Sourcing Savings for your Global Business Services Transformation

ISG assists in an end-to-end provider selection, enabling savings for a global automotive distributor’s finance and accounting (F&A) outsourcing.



A $6.8 billion independent, multi-brand automotive distributor and retailer has a presence in 34 markets globally. The company had grown by acquisition and had multiple business units with multiple enterprise resourcing planners (ERPs) and multiple non-standard business processes in the finance functions. 
The company wanted to create a scalable operating model with harmonised and automated processes, driving business insights and cost efficiencies while delivering stand-out customer experiences.
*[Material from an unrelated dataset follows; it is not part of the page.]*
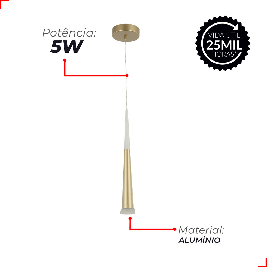 Luminaria Pendente Led Dani Aluminio 5W 3000k a 6500k Avant

It requested ISG’s assistance to ensure a smooth transition to global business services (GBS) model for accounts payable (AP), accounts receivable (AR), general ledger (GL) and financial reporting (FinRep) in all countries except for the Africa markets for a period of 5 years. 
Imagining IT Differently

Imagining IT Differently

ISG first analyzed the company’s current F&A environment. Then we built the current-state cost model, re-baselined the processes to be retained and outsourced and built the future-state cost models based on full-time employee (FTE) distribution and a 40% efficient target by year 5. ISG also researched providers and aided in selection, built the requests for proposals (RFPs) that went out to the chosen GBS providers, short listed the providers and developed a vendor selection framework. 
From there, we designed an agenda and facilitated provider discussion, designed the contract along with the statement of work (SOW) to be used with the provider, assisted in the provider negotiations process and final selection, and led in all executive-level communications over a period of six months.

Future Made Possible

  • The company was able to successfully execute an outsourcing contract with Cognizant with ISG’s assistance. The contract was for GBS services from their India hub in Hyderabad, supported by 4 regional spokes in Malaysia, Poland, Russia and Mexico. The contract would deliver c.49% productivity improvements in headcount reduction through service optimization (11%), application optimization (13%), bringing in intelligent automation (19%) and continuous improvement (6%).
  • The company achieved cumulative savings of up to £15 million, 10-year net present value (NPV) of £43 million and a payback up to 3.5 years.